» **SUPPLIED DATA**:
..............................
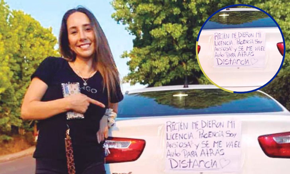 Según una entrevista de LUN, para evitar pasar ratos desagradables con otros conductores, la chica decidió colgar un letrero detrás de su coche para advertirle a las demás personas que había adquirido recién su licencia de conducir.
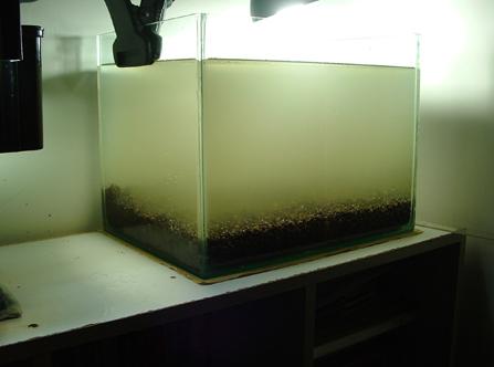大概泡了4天,每一天的工作就是吧把土洗一遍,放水再泡,沉浸在盆里的仙土是不怎么黄水的,估计是没有外力的干扰。看着水并不是太黄,所以赶紧下缸了。订做了个40×30×30的小缸,放水时注意一定要加个盘子,因为仙土的比重还是比较小的,所以比较容易被水流冲翻,造成水体浑浊。上面的图是刚加完水的状态,成白色混浊状
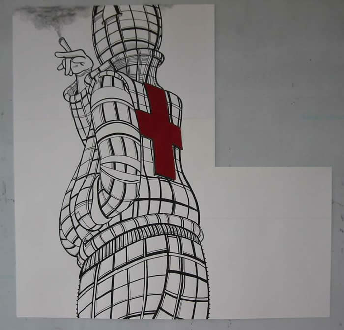 Smoke Man, diverse technieken op papier, 160 x 160 cm, 2003/2004
..............................
» **TASK INSTRUCTIONS**: Leave the pictures out and retype only the lines from the line with "大概泡了4天,每一天的工作就" through the final line of the material, both ends included, word for word.

» **ANSWER TO THIS PROBLEM**:
大概泡了4天,每一天的工作就是吧把土洗一遍,放水再泡,沉浸在盆里的仙土是不怎么黄水的,估计是没有外力的干扰。看着水并不是太黄,所以赶紧下缸了。订做了个40×30×30的小缸,放水时注意一定要加个盘子,因为仙土的比重还是比较小的,所以比较容易被水流冲翻,造成水体浑浊。上面的图是刚加完水的状态,成白色混浊状
 Smoke Man, diverse technieken op papier, 160 x 160 cm, 2003/2004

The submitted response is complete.